I understand that, following a wide-ranging debate at the BMA’s annual representative meeting, doctors backed a motion calling on the Government to pursue a simplified way for transgender and non-binary individuals to gain legal recognition of their gender. The motion also related to access to healthcare for under-18s, as well as transgender people receiving healthcare in settings appropriate to their gender. Although the motion passed, I am aware that some doctors expressed concern that those with experience of working with people with gender dysphoria have the skills to offer emotional and physical wellbeing support that may be helpful to transgender people, and it is important not to remove access to those expertise. The Government Equalities Office has now published its response to the Gender Recognition Act consultation but I am sure my colleagues in government will take into account the BMA's position during their consideration of future policy.
I am committed to protecting women’s rights and freedoms. That is why I am pleased that the Government recognises the importance of the protection of single-sex spaces, as provided for in the Equality Act.
The Equality Act 2010 not only protects transgender people from discrimination, but also makes it clear that providers have the right to restrict use of spaces on the basis of sex, and exclude transgender people, with or without a Gender Recognition Certificate, if this is justified. This position is unchanged since 2010 and I continue to believe it strikes the right balance.
I completely agree that everyone should feel safe when accessing services such as public toilets. The Equality Act allows service providers to offer services to one sex only, for example men’s or women’s toilets or changing rooms. Transgender people can be excluded from single-sex facilities if service providers have a legitimate reason for doing so and if exclusion is the least discriminatory way to proceed.
I know that many people also have concerns about the impact of this legislation on children.

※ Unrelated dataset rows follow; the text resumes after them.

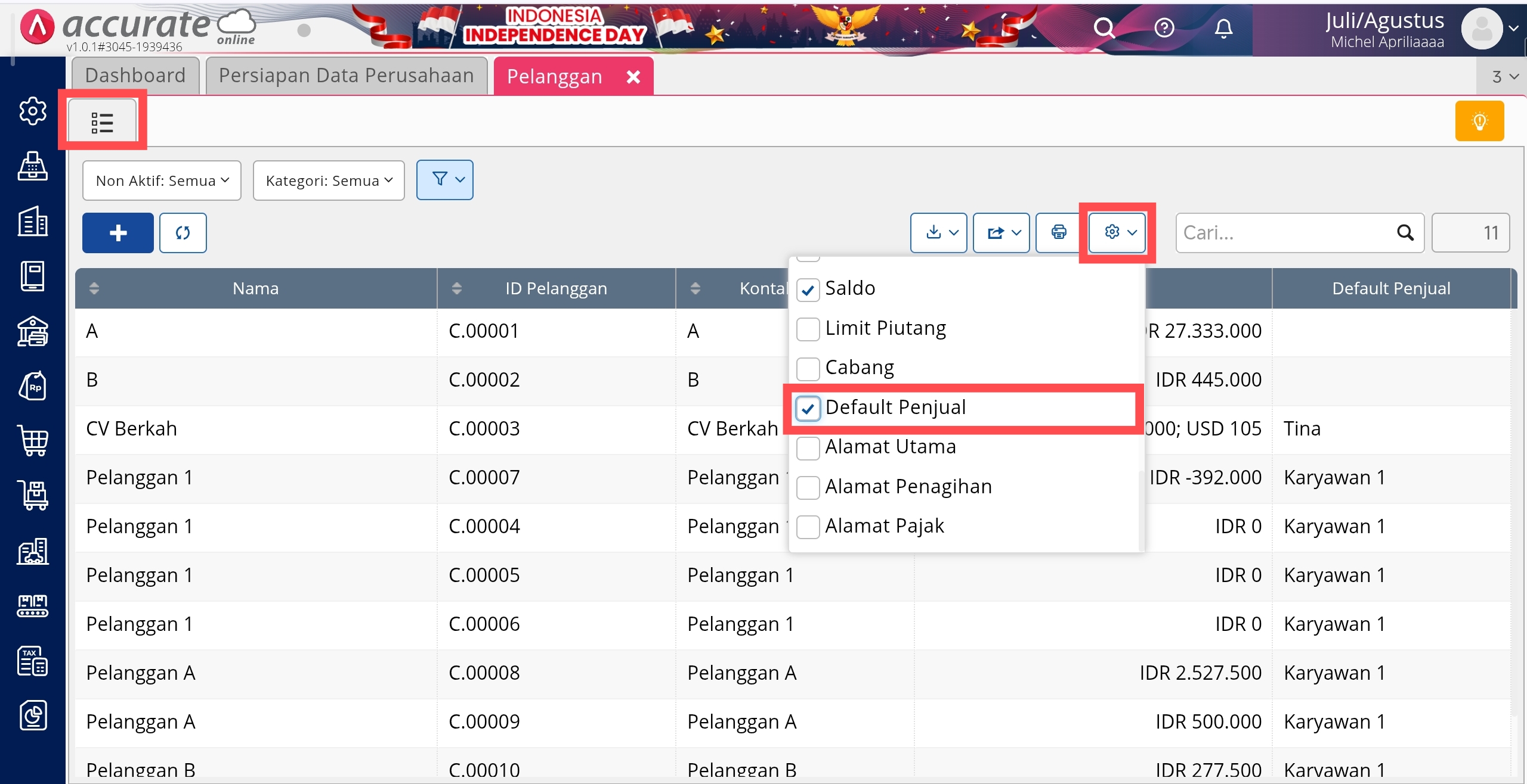 - Buka daftar Pelanggan, lalu klik tombol Pengaturan, kemudian centang Default Penjual dan akan tampil nama Default Penjual pada Daftar Pelanggan.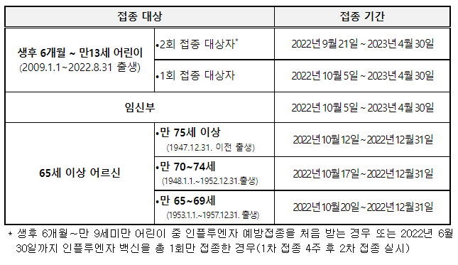 인플루엔자 국가예방접종 대상은 생후 6개월부터 만 13세 이하 어린이, 임신부, 65세 이상 어르신을 대상으로 연령대별로 순차적으로 접종을 시행한다.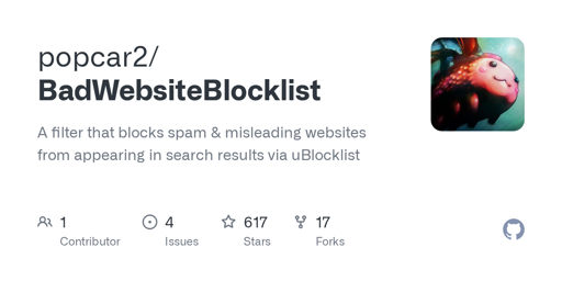 I browsed other blocklists and wasn’t very satisfied from what exists now; the goal of this one is to be super organized and transparent, explaining why each site was blocked via issues. Contributions welcome!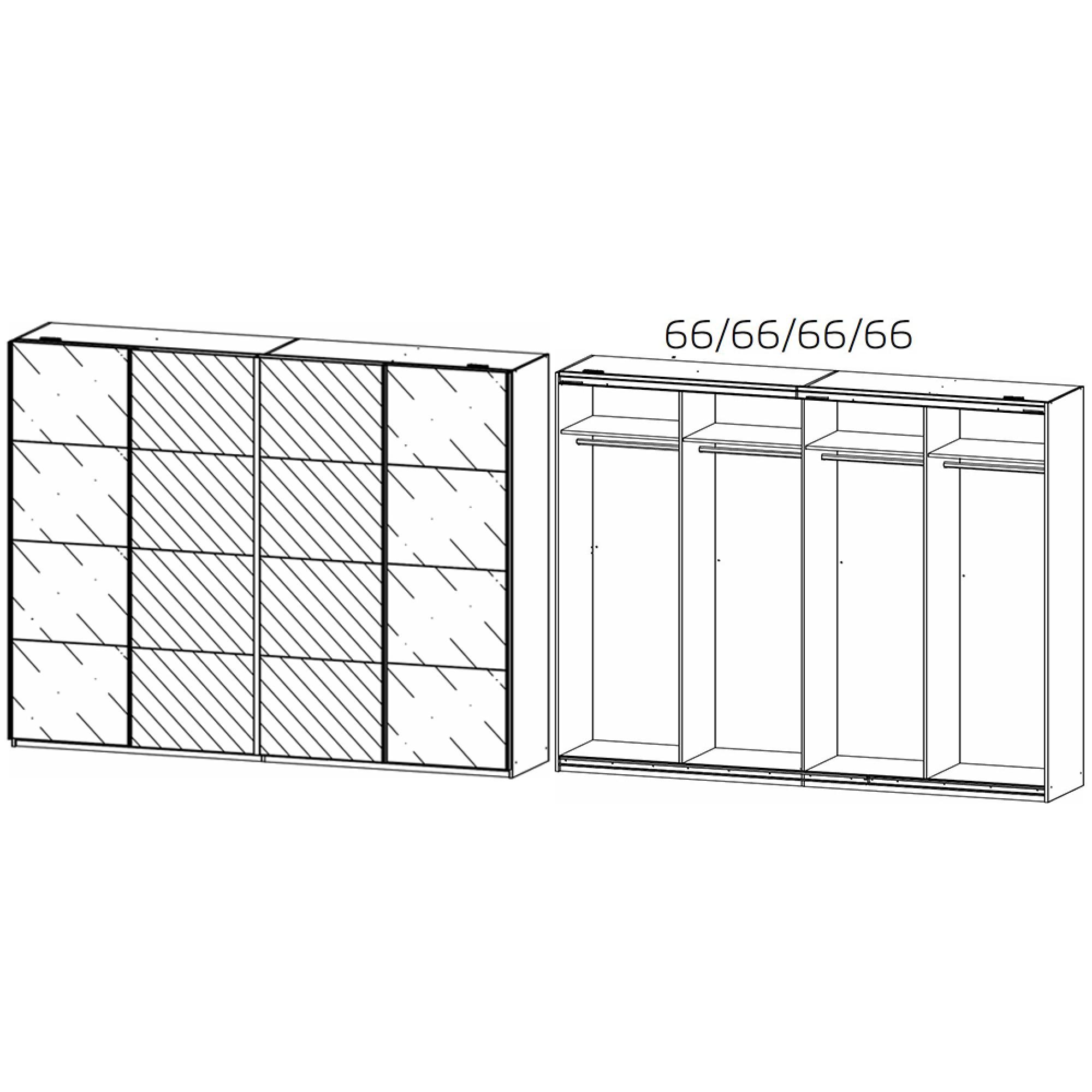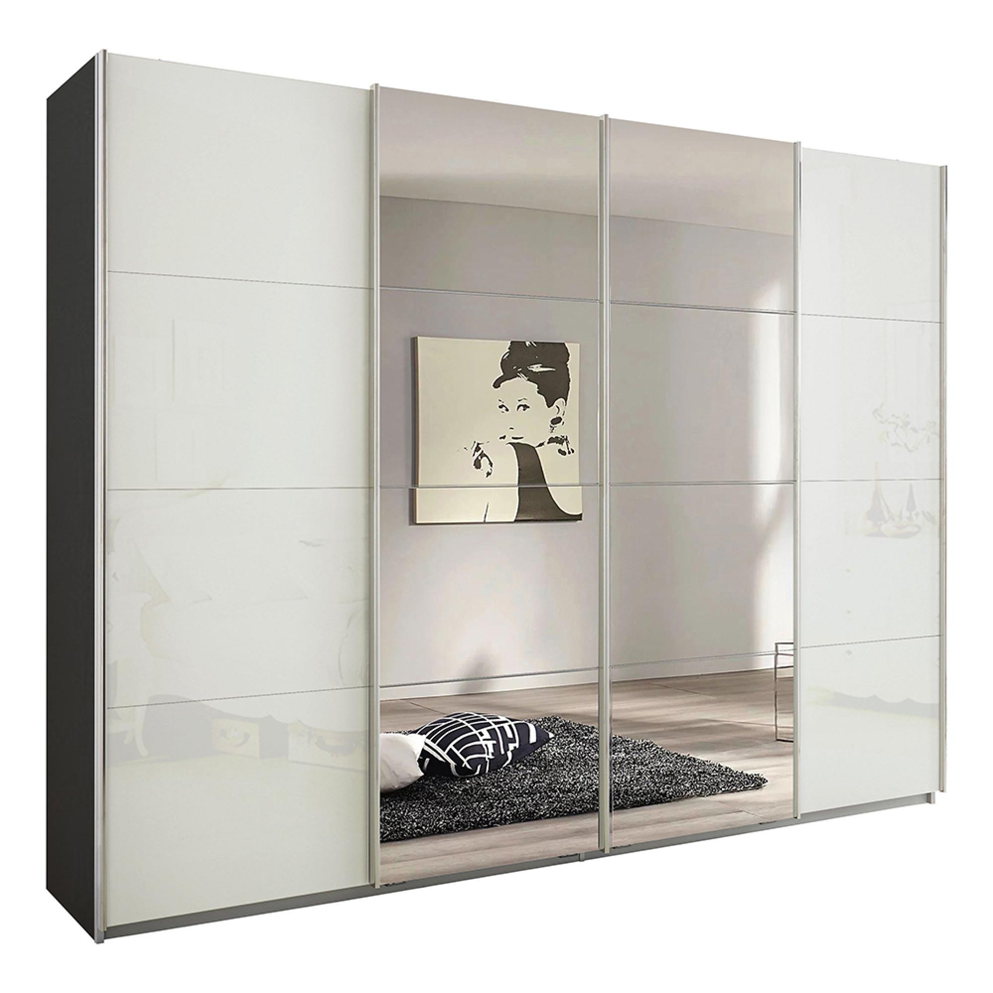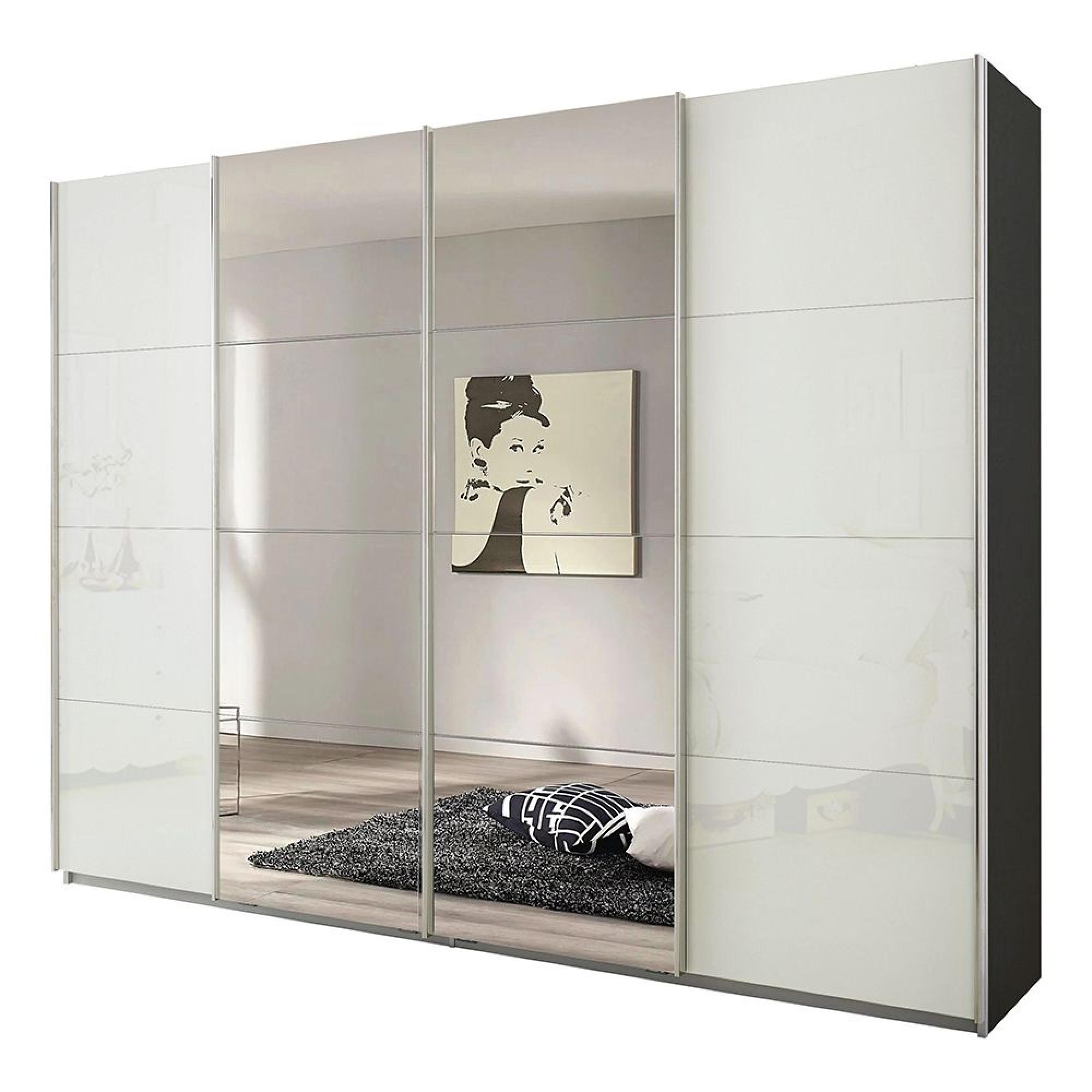 Rauch Syncrono 271cm 4 Door Sliding Wardrobe with Mirror - Metallic Dark Grey and White Glass
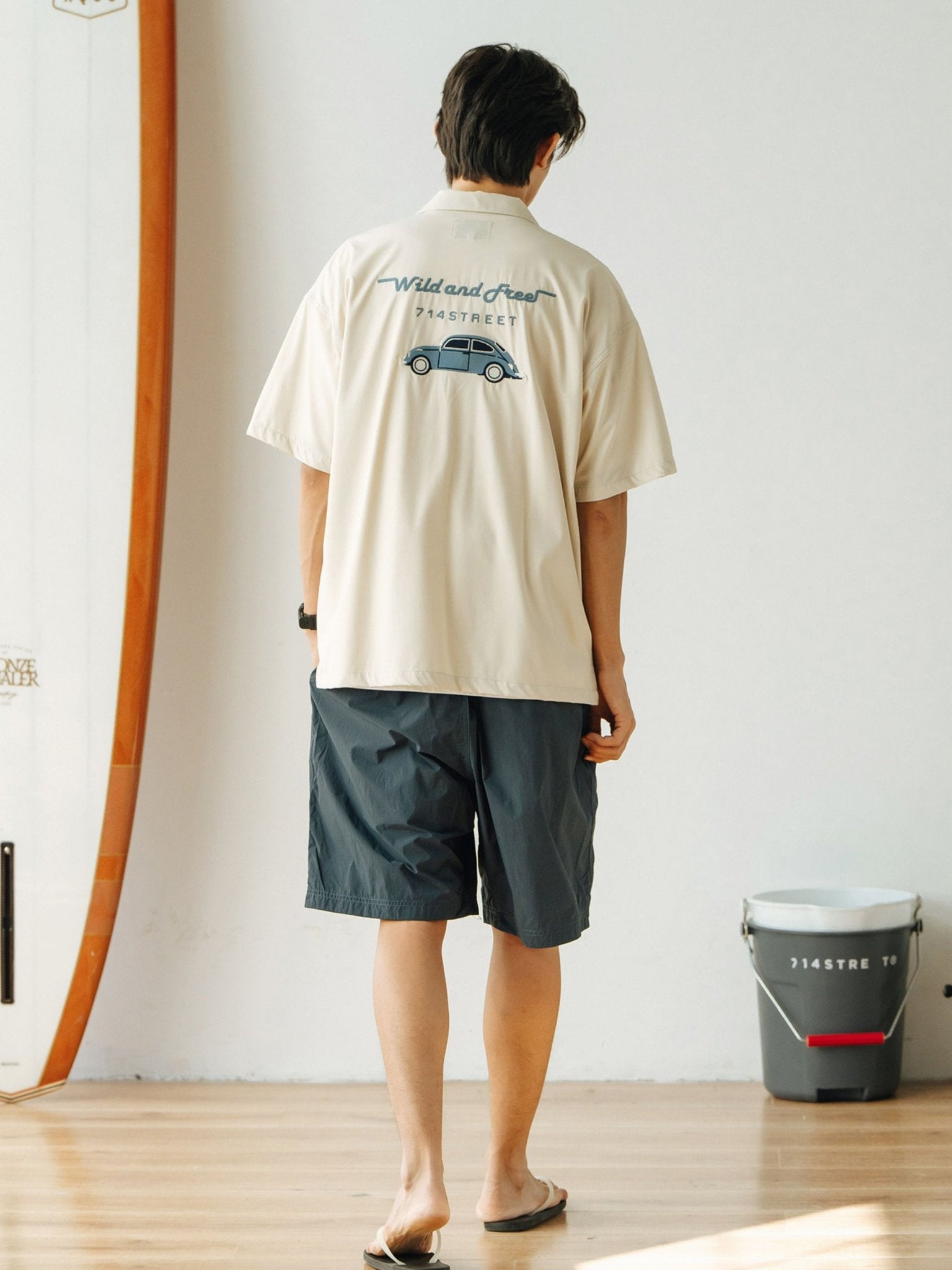特別にデザインされたキューバ襟は紳士の風格を増し、同時にカジュアル感も保ち、全体のバランスを取っています。胸部と背面の刺繍のディテールは繊細で楽しい雰囲気を醸し出し、細部へのこだわりを表現しており、Tシャツに個性を与えています。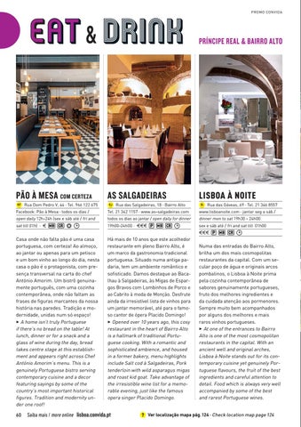 Há mais de 10 anos que este acolhedor restaurante em pleno Bairro Alto, é um marco da gastronomia tradicional portuguesa. Situado numa antiga padaria, tem um ambiente romântico e sofisticado. Damos destaque ao Bacalhau à Salgadeiras, às Migas de Espargos Bravos com Lombinhos de Porco e ao Cabrito à moda de Monção. Desfrute ainda da irresistível lista de vinhos para um jantar memorável, até para o famoso cantor de ópera Placido Domingo! 3 Opened over 10 years ago, this cosy restaurant in the heart of Bairro Alto is a hallmark of traditional Portuguese cooking. With a romantic and sophisticated ambience, and housed in a former bakery, menu highlights include Salt cod à Salgadeiras, Pork tenderloin with wild asparagus migas and roast kid goat. Take advantage of the irresistible wine list for a memorable evening, just like the famous opera singer Placido Domingo.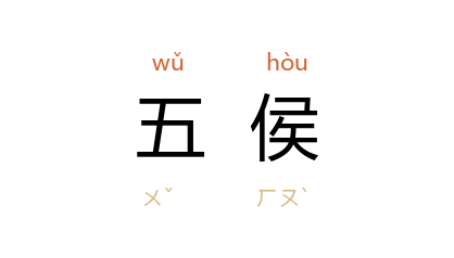 ⒈  公、侯、伯、子、男五等诸侯。参见“五侯九伯”。指同时封侯的五人。泛指权贵豪门。指同时封侯的五人。指同时封侯的五人。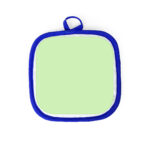 Manique de cuisine en 100% polyester doux, blanche avec liserés aux couleurs vives. Avec une face lisse spécialement prévue pour la sublimation. Cordon d´accroche.

I have raised this with colleagues in the Government Equalities Office who have assured me of their commitment to ensuring under 18s are protected from making decisions that are irreversible in the future. I believe strongly that adults should have the freedom to live their life but I do think it is very important we protect young people, who are still developing their decision making processes and capabilities, from taking action which they potentially cannot reverse.
The passport is a unique and important document. An individual’s sex is gathered at the point of application to assist in the determination of identity. The showing of a sex marking on the passport accords with standards set by the International Civil Aviation Organisation. Currently, UK law only recognises male and female sexes, and to introduce a third category denoted by an ‘X’ in the passport would require a change in primary legislation. Before such legislation could be introduced, the Government would need to consider the impact that such a change would have on the personal safety and well-being of the individual, as well as wider issues including public protection, and combating identity theft and fraud. I will continue to monitor this issue closely.
The number of gender identity clinics has increased over the last year, with gender identity clinics now established in London, Manchester, Merseyside and the East of England.
This year access will be improved further with a new clinic that will be established in Sussex. By 2024, it is expected that the clinics will reduce the current waiting list by a third. In addition, the General Medical Council has published guidance for GP services to ensure that transgender people have timely access to gender transition medication.